Данная статья представляет собой опыт лингвопоэтического анализа речевой художественной формы отдельно взятого словесного художественного образа с целью обнаружить на уровне речевой художественной формы его минимальные смысловые и структурные составляющие, совокупно воссоздающие художественный образ, одновременно обладающий реальной и ирреальной природой, не принадлежащий до конца ни физическому, ни метафизическому миру.

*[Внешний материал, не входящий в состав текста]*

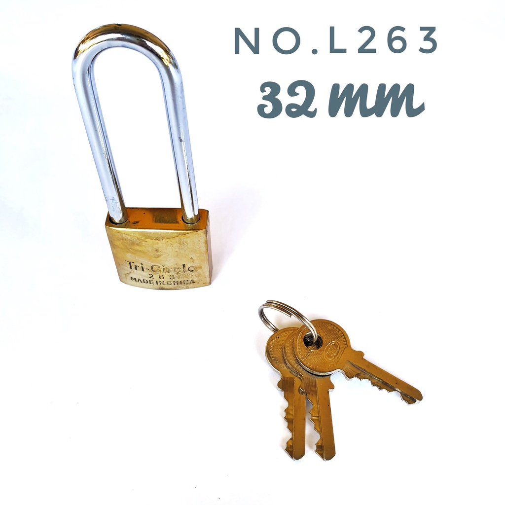 Tri-Circle Long Shackle Brass Pad Lock 25mm 32mm 38mm 50mm Tri Circle Padlock Original Heavy Duty Mangga Tembaga
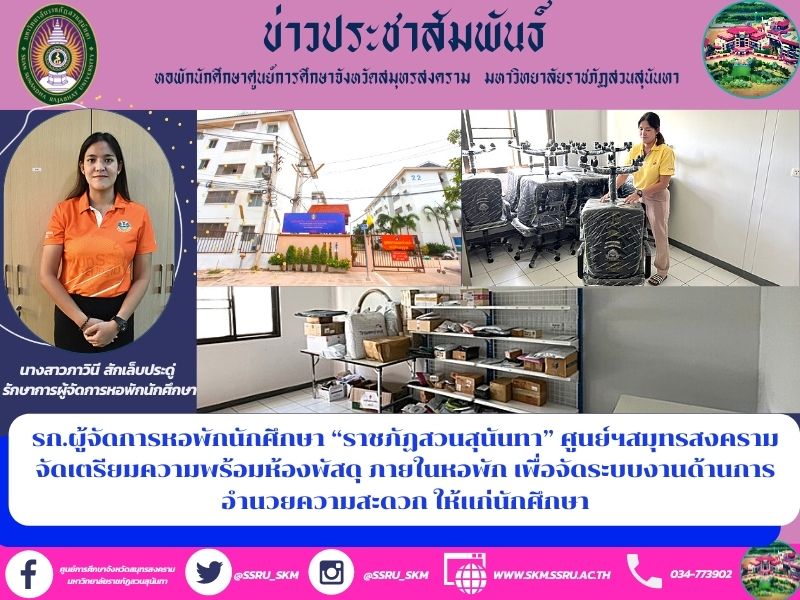 (27 ต.ค. 64) เวลา 11.00 น. นางสาวภาวินี สักเล็บประดู่ รักษาการผู้จัดการหอพักนักศึกษา ศูนย์การศึกษาจังหวัดสมุทรสงคราม มหาวิทยาลัยราชภัฏสวนสุนันทา พร้อมด้วยบุคคลาการ จัดเตรียมความพร้อมห้องพัสดุ ภายในหอพัก เพื่อจัดระบบงานด้านการอำนวยความสะดวก ให้แก่นักศึกษา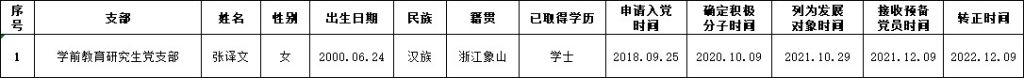 根据《中国共产党发展党员工作细则》中发展党员的文件要求,经对张译文同志的预备党员转正条件、转正程序等进行严格审查。2022年12月20日,学院党委会集体审议讨论了张译文同志的转正问题。党委委员共6名,实到会6名。经逐个审议和表决,6名党委委员一致认为张译文同志已具备正式党员条件,同意批准按期转为中共正式党员,党龄从预备期满转为正式党员算起。具体名单公布如下:

Для обозначения таких образов М.Н. Эпштейн [10] ввел термин «образ-метабола». Образ-метабола - это «поэтический образ, в котором нет раздвоения на “реальное” и “иллюзорное”, “прямое” и “переносное”, но есть непрерывность перехода от одного к другому, их подлинная взаимопричастность» [10. С. 153], «это образ, не делимый надвое, на прямое и переносное значение, на описанный предмет и привлеченное подобие, это образ двоящейся и вместе с тем единой реальности» [10. С. 154], через который раскрывается взаимопричастность (а не просто подобие) разных миров.

Исследуя образ-метаболу на материале русской поэзии конца 70-х - начала 90-х гг. ХХ в., М.Н. Эпштейн в качестве материальной (т.е. собственно языковой) основы этого образа называет слово, у которого «“переносные”, “кажущиеся” значения становятся прямыми» [10. С. 174] в (кон)тексте художественного произведения. Однако образ-метаболу можно обнаружить и в прозаических текстах, причем в прозе данный образ имеет многословную материальную основу, следовательно, обладает более развернутой многокомпонентной (многословной) структурой, адекватное описание которой требует лингвопоэтической компетенции исследователя.

Ярким примером образа-метаболы является художественный образ ножной машинки марки «Зингер» в рассказе Т. Толстой «Йорик» (2000). Сюжет этого маленького рассказа построен как цепь детских воспоминаний рассказчицы о бабушке, красавице Наталье Васильевне, которая после революции «бежала на пароходе» в Европу, а в 1920-е гг. вернулась в Россию.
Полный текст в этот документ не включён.